The Dow’s fortunes received a major helping hand from UnitedHealth Group’s 1.1% ascension prior to the close. In addition, components of the blue-chip stock index such as IBM (NYSE: IBM), McDonald’s (NYSE: MCD), and Verizon (NYSE: VZ) all gained by more than 2% during the trade.

Analysts Offer Reasoning to the Snap-induced S&P 500, Nasdaq Slump

Commenting on the Snap earnings problem, Adam Crisafulli of Vital Knowledge stated:

“Some are a bit incredulous that a relatively small and perennially unprofitable ephemeral social media firm can take down the whole tape, but given how sensitive this tape is, SNAP is able to punch above its weight.”

In addition, the founder and president of Vital Knowledge also added:

“Tech still dominates the market, both numerically (it remains the biggest weighting) and psychologically, and despite aggressive liquidation in the last couple of months, people still own a lot of it.”

Analysts at Morgan Stanley also chipped in the aftermath of the Snap warning.

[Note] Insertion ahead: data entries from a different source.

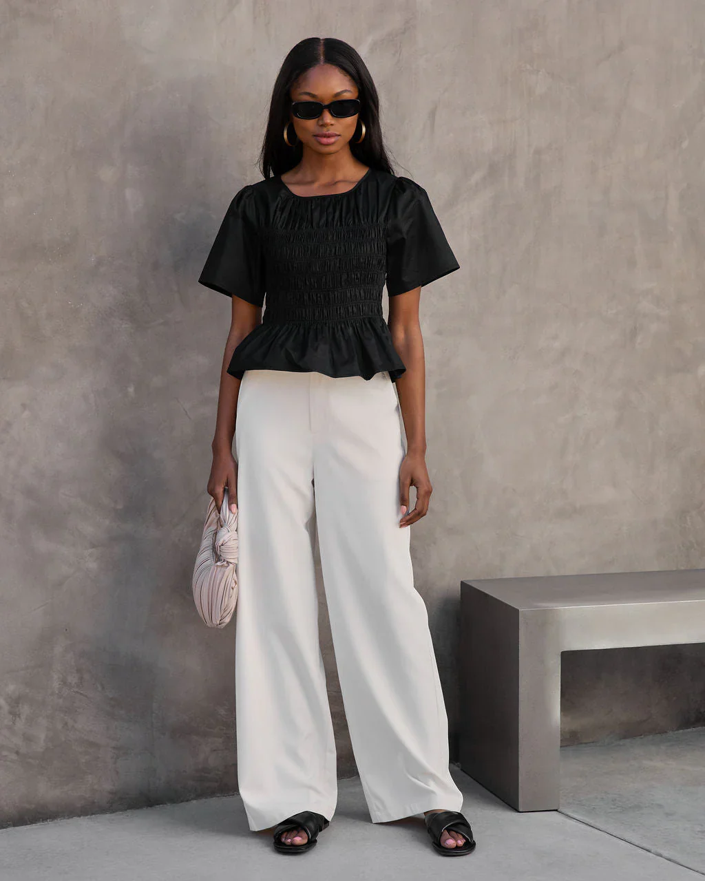 Josephine Cotton Crochet Knit Flutter Sleeve Top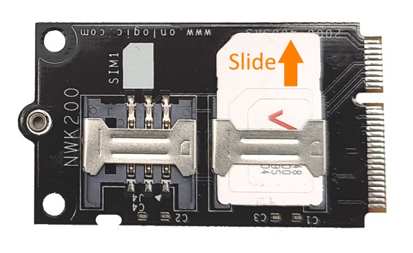 The modem is installed into a carrier board. The carrier boards host x2 nano-SIM slots, which are located on the top of the board. This is the default location to install a SIM card, and OnLogic installs all SIM cards here by default.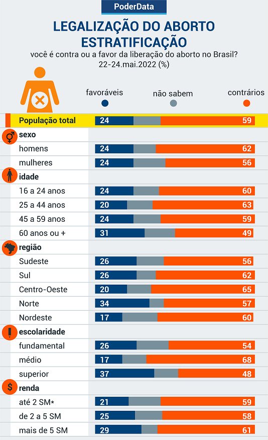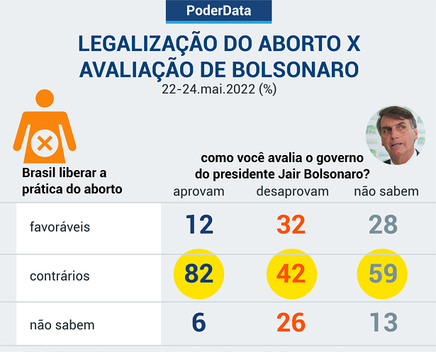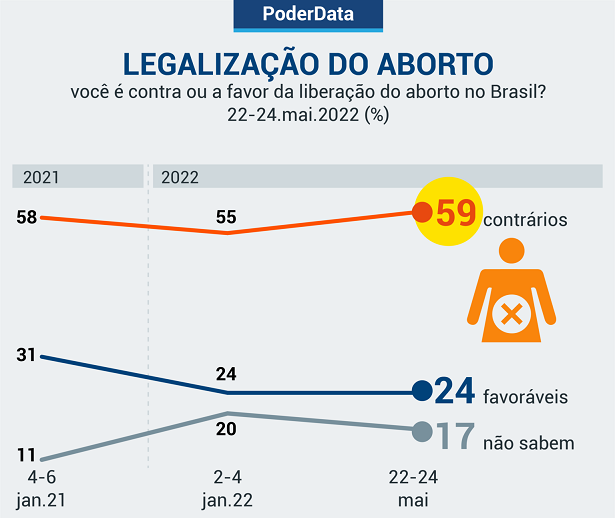 Pesquisa PoderData realizada de 22 a 24 de maio de 2022 mostra que 59% da população brasileira são contra uma possível descriminalização do aborto no país. A taxa teve oscilação de 4 pontos percentuais para cima, no limite da margem de erro, desde o último levantamento, de janeiro.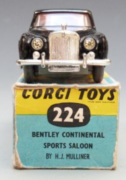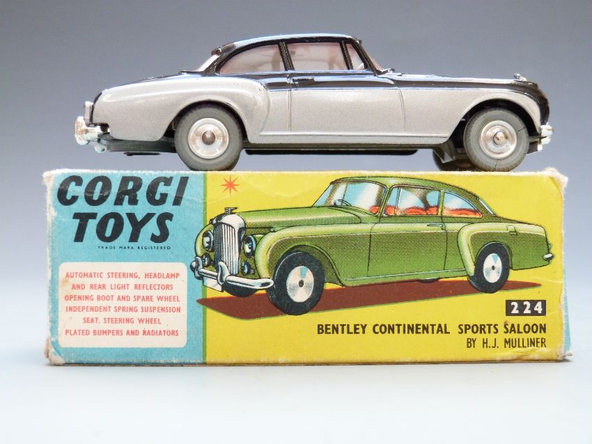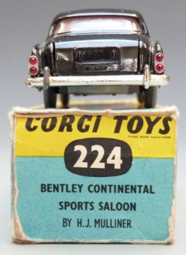 Corgi Toys diecast model Bentley Continental Sports Saloon By H.J. Mulliner with black and silver body and red interior, 224, in original box.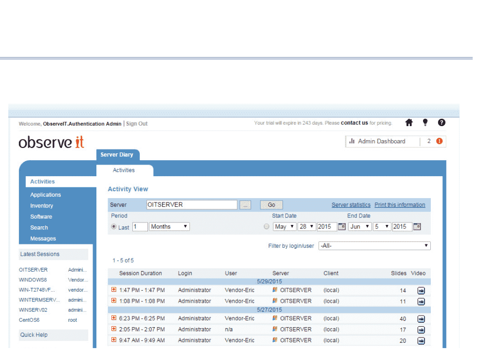 ObserveIT monitors and records all user activity on Windows and Unix/Linux servers and desktops. Playing back a user session shows exactly what occurred on screen during the session - reducing investigations to under 10 minutes per incident.ObserveIT provides screen-recording technology to capture all user activity regardless of the environment.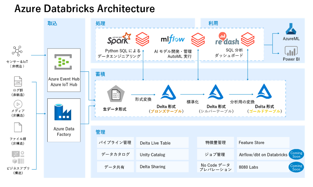 Databricksの主な特徴は、「レイクハウス」という単一プラットフォーム上で、データ収集から分析、機械学習(ML)モデル開発・運用までを一気通貫で効率的に行える統合基盤である点です。データエンジニア、データサイエンティスト、ビジネスユーザーが協力しやすく、高速なバッチ/ストリーミング処理、MLOps、AI(生成AI含む)機能の強化、オープンソースとの連携、マルチクラウド対応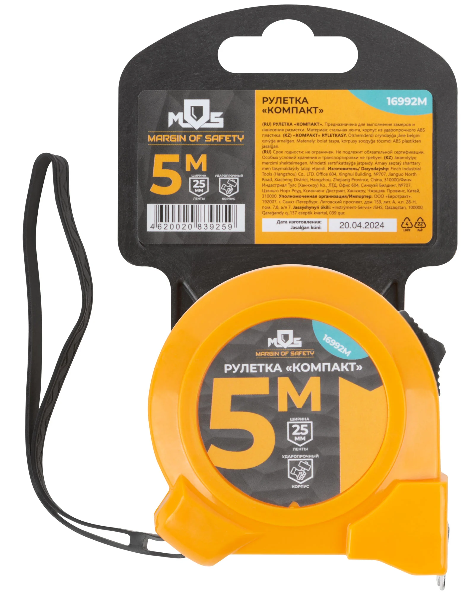 Корпус рулетки изготовлен из ударопрочного ABS пластика, что обеспечивает долговечность и надежную защиту от повреждений. Стальная лента гарантирует точные измерения и устойчивость к износу.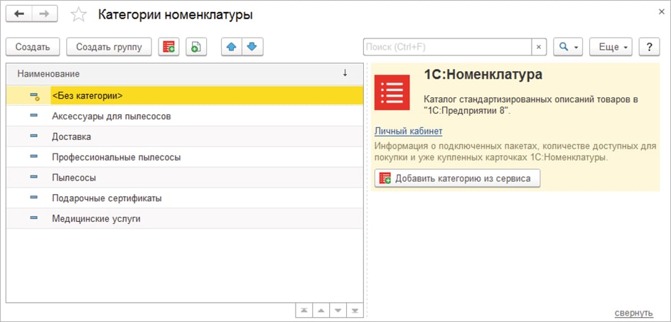 Категории номенклатуры используются для удобной классификации справочника «Номенклатура» и ускоряют заполнение данных по новым позициям на основе перечня свойств и значений, предоставляемых сервисом 1С:Номенклатура.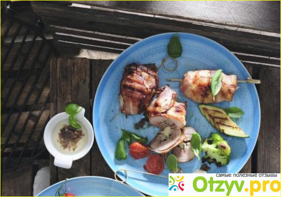 Завернуть ломтиком бекона и наколоть на шпажки для шашлыков. Посыпать свеже молотым перцем. Разложить на решетке и готовить на гриле 15-20 минут, часто поворачивая. Подавать с овощами приготовленными на гриле.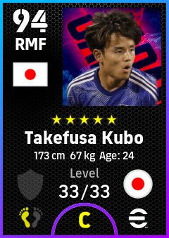 . Takefusa Kubo is a Right Midfielder footballer from Japan who plays for Japan in eFootball 2026.

According to them, all online ad platforms may experience some kind of impact, including customer pullback.

Rising Inflation & Hiked Interest Rates

The current inflationary threat in the US financial landscape has spawned a lot of talking points. Several market stakeholders have provided varying opinions on how the Federal Reserve should address the situation. In a series of tweets on Tuesday, billionaire hedge fund manager Bill Ackman supported the Fed’s decision toaggressively increase interest rates to arrest inflation. Furthermore, the hedge fund manager also said that investors would have to deal with this recourse inevitably. Ackman says this is the only way to avoid a full-on market collapse. According to him, “if the Fed doesn’t do its job, the market will do the Fed’s job, and that is what is happening now.”